- [Problem requirements]:
Transcribe every line below exactly; no image goes into the output.

- [Source data]:
===============

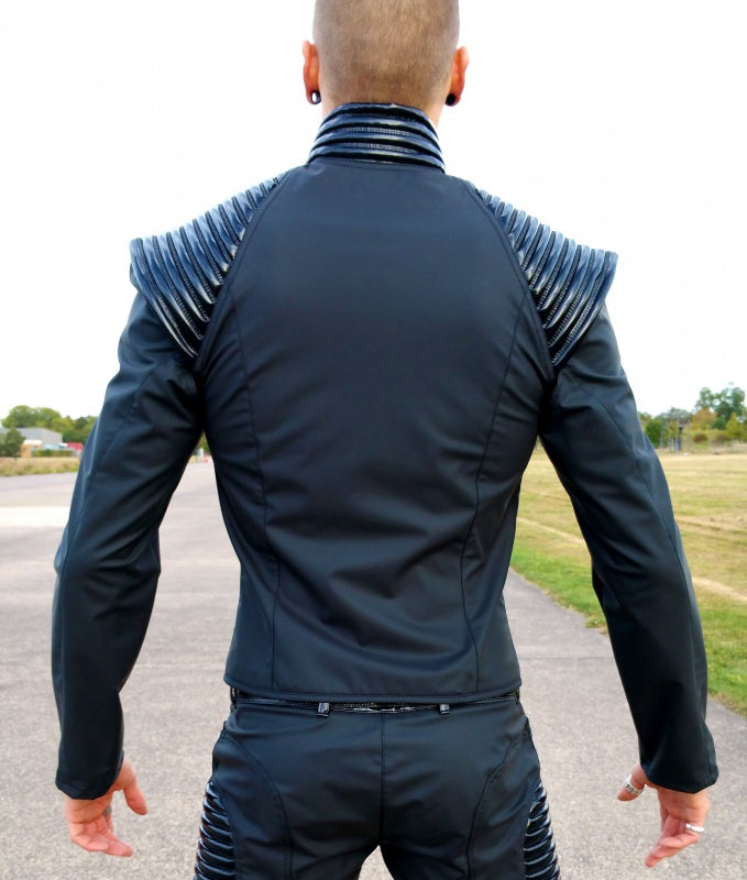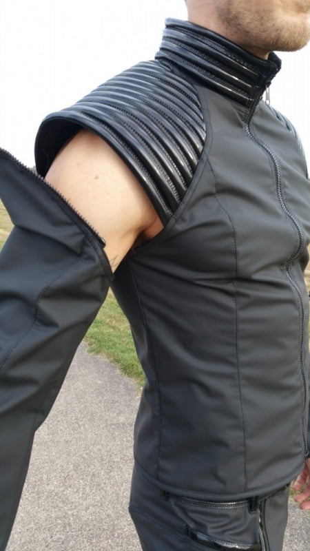 Die Trigo OT ist eine spacige Mischung aus Jacke und/oder Weste. Die Ärmel sind mit Reissverschluß abnehmbar und im Handumdrehen wird aus dieser stylishen Jacke eine Weste. Die Jacke ist nicht zu lang so daß sie mit dem Bund des Unterteils abschließt. Sehr cool in dem für Tatjana Warnecke typischen Matt Basic Kunstleder das sich leicht wie mattes Latex anfühlt. Die in Lack gehaltenen Ribbons geben den entsprechenden Akzent dazu uns sind das typische Markenzeichen!
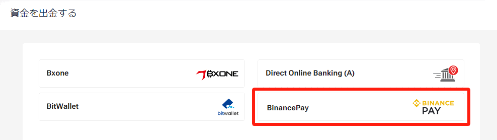 主な出⾦⼿段には、国内銀⾏送⾦、クレジットカード、電⼦ウォレット(bitwallet、BXONE)、そして仮想通貨対応のBinance Payなどがあります。
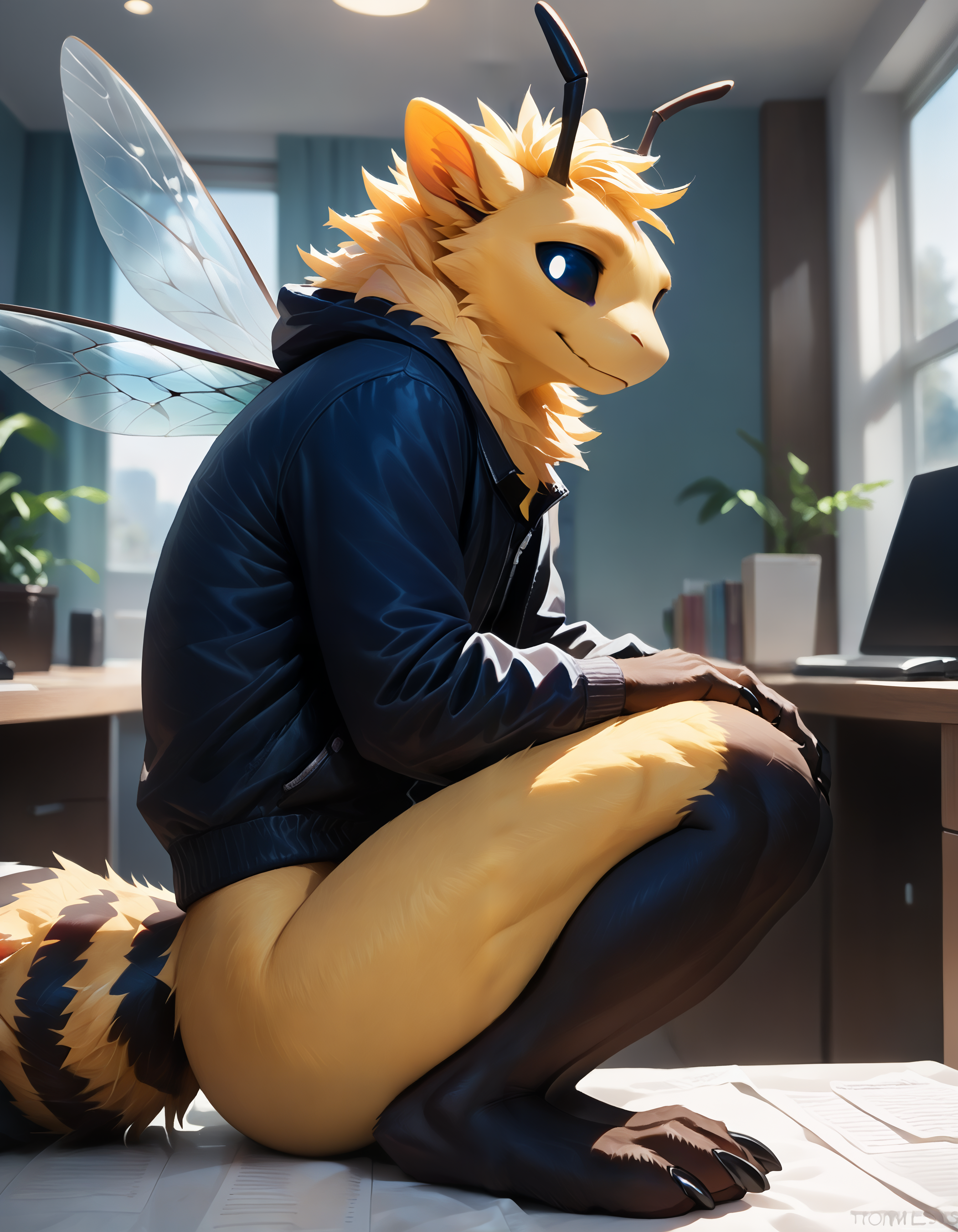 // Illustrious: sunb3e, male, solo, 1boy, adult, male focus, wings, colored sclera, looking at viewer, insect wings, yellow body, fluffy tail, nostrils, clothed, clothes, bottomless, partially clothed, black unzip jacket
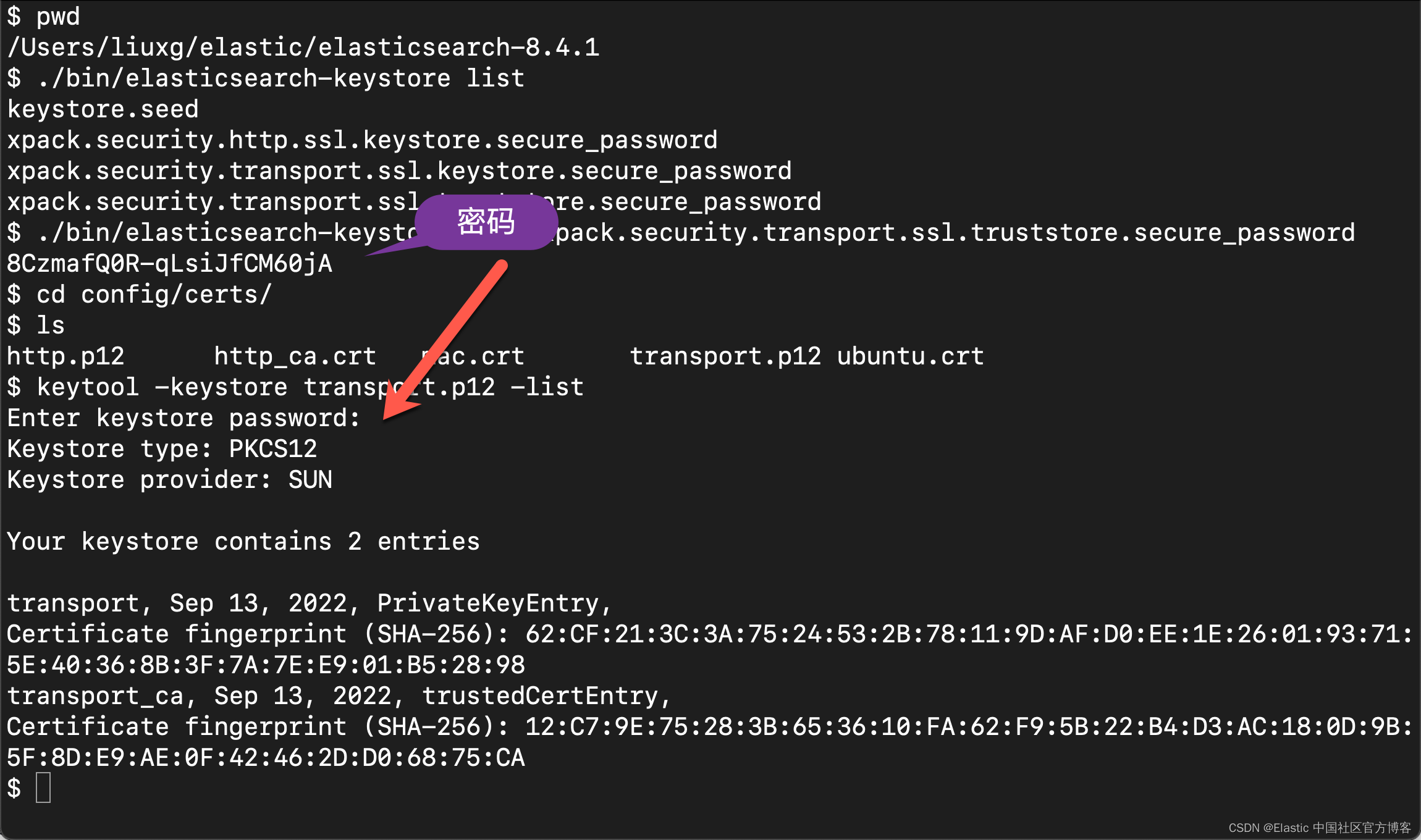 从上面的输出中,我们已经成功地把 mac.crt 这个证书添加到 Ubuntu 下的 Elasticsearch 安装文件 transport.p12 这个 truststore 中去了。

===============

- [Response]:
 Die Trigo OT ist eine spacige Mischung aus Jacke und/oder Weste. Die Ärmel sind mit Reissverschluß abnehmbar und im Handumdrehen wird aus dieser stylishen Jacke eine Weste. Die Jacke ist nicht zu lang so daß sie mit dem Bund des Unterteils abschließt. Sehr cool in dem für Tatjana Warnecke typischen Matt Basic Kunstleder das sich leicht wie mattes Latex anfühlt. Die in Lack gehaltenen Ribbons geben den entsprechenden Akzent dazu uns sind das typische Markenzeichen!
 主な出⾦⼿段には、国内銀⾏送⾦、クレジットカード、電⼦ウォレット(bitwallet、BXONE)、そして仮想通貨対応のBinance Payなどがあります。
 // Illustrious: sunb3e, male, solo, 1boy, adult, male focus, wings, colored sclera, looking at viewer, insect wings, yellow body, fluffy tail, nostrils, clothed, clothes, bottomless, partially clothed, black unzip jacket
 从上面的输出中,我们已经成功地把 mac.crt 这个证书添加到 Ubuntu 下的 Elasticsearch 安装文件 transport.p12 这个 truststore 中去了。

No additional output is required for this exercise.